Microarquitecture and Compilers for Future Processors II (2010-2014)
The main objective of this project as for the researchers of the ARCO group is the research in the design of future microprocessors, taking into account the determining factors of future technology, both for high performance processors and for commodity electronics. Fundamentally, two factors have determined the increased performance in processors: on one hand the technological advances in microprocessor manufacturing and, on the other hand, the use of new and more efficient microarchitectural and compiler techniques. All these improvements bring a number of challenges that are now considered as key in designing the processors for this upcoming decade: the limited instruction-level parallelism, the interconnection network delays, high power consumption, heat dissipation, system relibility and security. In this project we are going to address the influence of these issues in the research of future processors. Specifically, we will focus on five areas which we consider to be fundamental:
- The study of new techniques in the memory hierarchy design to tolerate the increasing gap between processor and memory speeds
- The efficient circuit design in the face of unexpected variations of their working parameters
- The implementation of efficient virtual machines of low complexity but high level computing
- The implementation of intrusion detection systems to assure a high computer security level
- Characterization and acceleration of emerging applications
- The design of novel multithreaded processors to exploit thread-level parallelism
Microarquitecture and Compilers for Future Processors (2006-2010)

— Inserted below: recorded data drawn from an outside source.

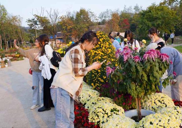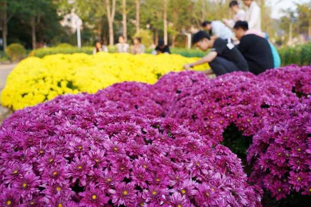 这几天,浙江农林大学园林学院教育教学实践基地里, 200多个品种的数万朵菊花争相开放,白色、桃红、金黄、紫红、墨绿,一丛丛、一簇簇、一堆堆、一盆盆形状不一的菊花绚丽多彩,把整个校园的秋季点缀得格外美丽,吸引了全校师生驻足观赏,拍照留念。
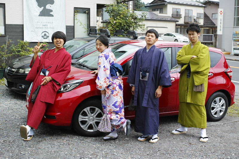日産 ノートeパワーの鮮やかな色とマッチして着物なのにモダンな雰囲気も感じます。
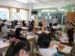 6年生も教科によって担任を交換する教科担任制を取り入れています。いろいろな先生が関わる中で、学年の子どもたちを知り、より良い学びにつなげていきたいという考えのもとでの取り組みです。
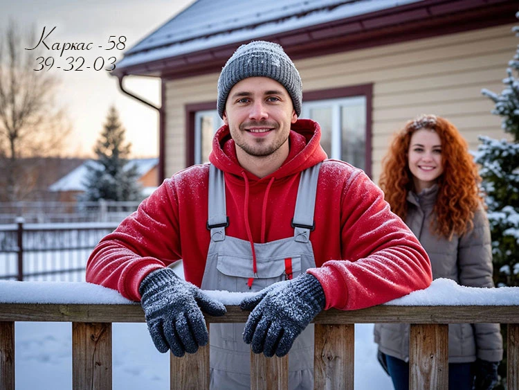 Планировочные решения можно подобрать на сайте Каркас-58, а если нужно переделать, перенести перегородки, расширить-уменьшить - сделаем это бесплатно. Заказывая строительство теплого дома зимой, можно попасть на понижение цены на материалы и сэкономить. Невозможность зимней стройки - отсутствие подъездного пути и электроснабжения.

The main objective in this project is to research the design of next decade processors considering the requirements of the technology which is estimated to be feasible for the next years. Till recently, processor performance was mainly determined by two factors: technological advances in microprocessor manufacturing and the use of new and more efficient microarchitectural and compiler techniques. Now, new challenges are approached, for instance: high power consumption, heat dissipation, wire delays, design complexity, and the limited instruction-level parallelism. In this project we are going to address the influence of these issues in the research of future processors. Specifically, we will focus on seven areas which we consider to be fundamental:
- The reduction in power consumption and better approaches for heat dissipation
- The exploitation of thread-level speculative parallelism
- The design of clustered microarchitectures
- The efficient implementation of ISA extensions for out-of-order processors
- The efficient implementation of co-designed virtual machines;
- The study of new techniques in the register file and cache memory design to tolerate the increasing gap between processor and memory speeds;
- The efficient circuit design in the face of unexpected variations of their working parameters.